==== Information ====

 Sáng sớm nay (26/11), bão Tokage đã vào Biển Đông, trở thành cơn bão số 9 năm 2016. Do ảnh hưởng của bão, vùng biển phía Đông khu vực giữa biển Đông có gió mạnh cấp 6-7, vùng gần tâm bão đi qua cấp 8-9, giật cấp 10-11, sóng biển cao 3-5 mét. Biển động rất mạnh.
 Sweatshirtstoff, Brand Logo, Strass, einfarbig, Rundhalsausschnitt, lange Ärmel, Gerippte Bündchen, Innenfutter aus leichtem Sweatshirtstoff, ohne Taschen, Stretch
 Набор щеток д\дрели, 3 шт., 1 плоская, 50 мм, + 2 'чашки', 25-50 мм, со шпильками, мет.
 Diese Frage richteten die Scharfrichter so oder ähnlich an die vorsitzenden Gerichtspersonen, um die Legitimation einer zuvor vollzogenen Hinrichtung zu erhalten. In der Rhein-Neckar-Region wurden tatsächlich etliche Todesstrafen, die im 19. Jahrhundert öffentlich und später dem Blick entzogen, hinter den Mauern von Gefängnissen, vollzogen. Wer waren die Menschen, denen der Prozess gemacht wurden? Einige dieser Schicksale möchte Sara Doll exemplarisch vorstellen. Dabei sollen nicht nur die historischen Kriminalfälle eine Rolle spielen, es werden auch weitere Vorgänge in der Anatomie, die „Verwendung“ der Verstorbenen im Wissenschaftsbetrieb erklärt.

====
==== Information ====

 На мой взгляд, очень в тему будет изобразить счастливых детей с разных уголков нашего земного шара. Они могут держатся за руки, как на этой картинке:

====
==== Information ====

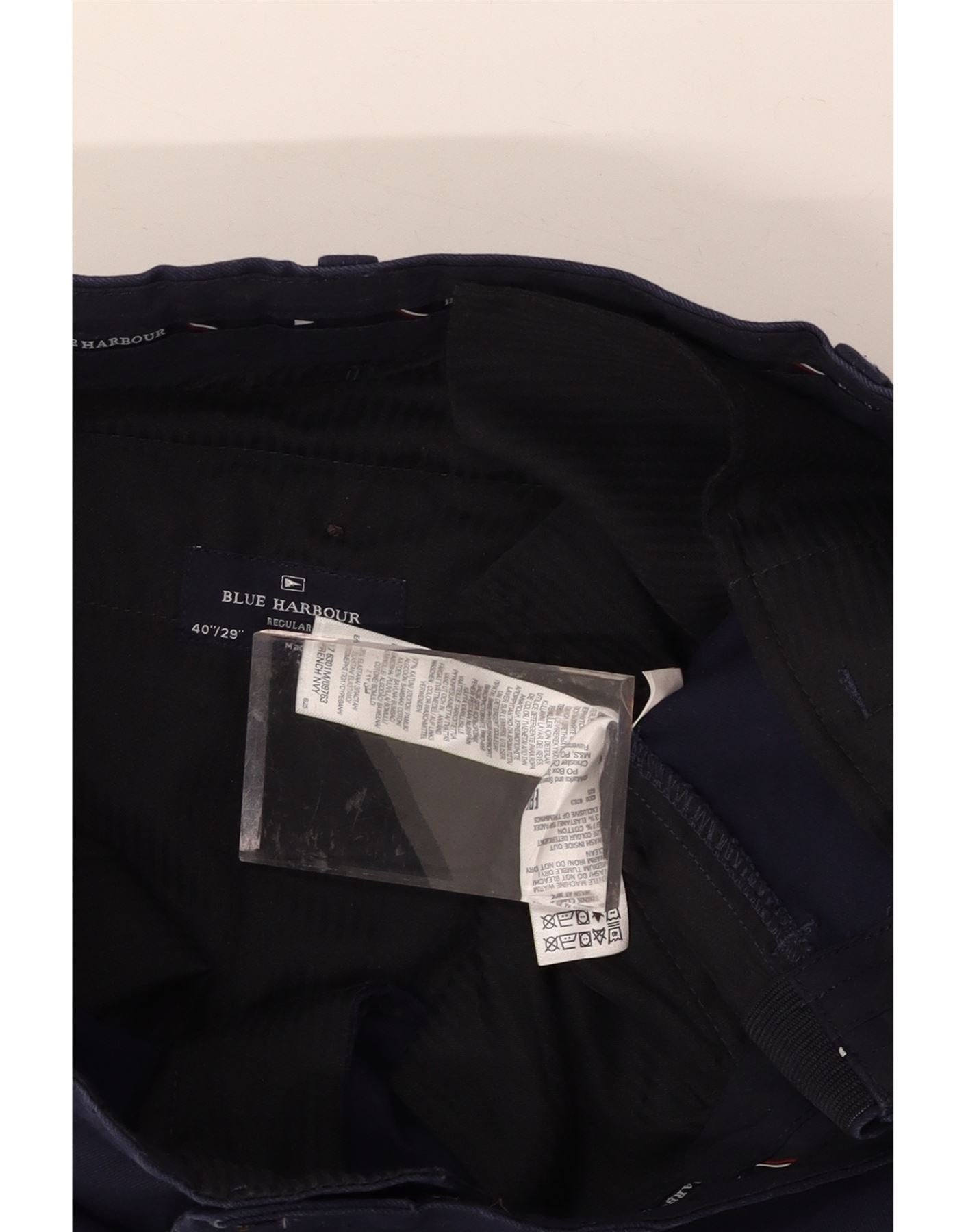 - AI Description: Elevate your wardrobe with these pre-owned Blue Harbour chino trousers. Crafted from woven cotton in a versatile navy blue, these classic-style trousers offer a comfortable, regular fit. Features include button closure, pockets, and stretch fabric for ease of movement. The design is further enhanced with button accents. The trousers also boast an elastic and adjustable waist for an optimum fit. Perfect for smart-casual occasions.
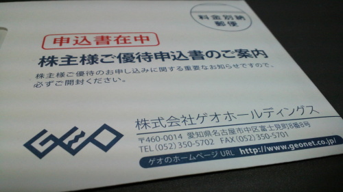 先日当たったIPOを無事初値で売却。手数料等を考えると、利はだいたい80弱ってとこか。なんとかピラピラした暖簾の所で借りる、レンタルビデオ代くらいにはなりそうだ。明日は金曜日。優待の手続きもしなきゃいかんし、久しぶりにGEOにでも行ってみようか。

====

# [Task objective]
Having found the line with "- AI Description: Elevate" and the line with "先日当たったIPOを無事初値" in the material above, write out exactly those two and every line between, leaving the pictures out.

# [Answer for the task]
 - AI Description: Elevate your wardrobe with these pre-owned Blue Harbour chino trousers. Crafted from woven cotton in a versatile navy blue, these classic-style trousers offer a comfortable, regular fit. Features include button closure, pockets, and stretch fabric for ease of movement. The design is further enhanced with button accents. The trousers also boast an elastic and adjustable waist for an optimum fit. Perfect for smart-casual occasions.
 先日当たったIPOを無事初値で売却。手数料等を考えると、利はだいたい80弱ってとこか。なんとかピラピラした暖簾の所で借りる、レンタルビデオ代くらいにはなりそうだ。明日は金曜日。優待の手続きもしなきゃいかんし、久しぶりにGEOにでも行ってみようか。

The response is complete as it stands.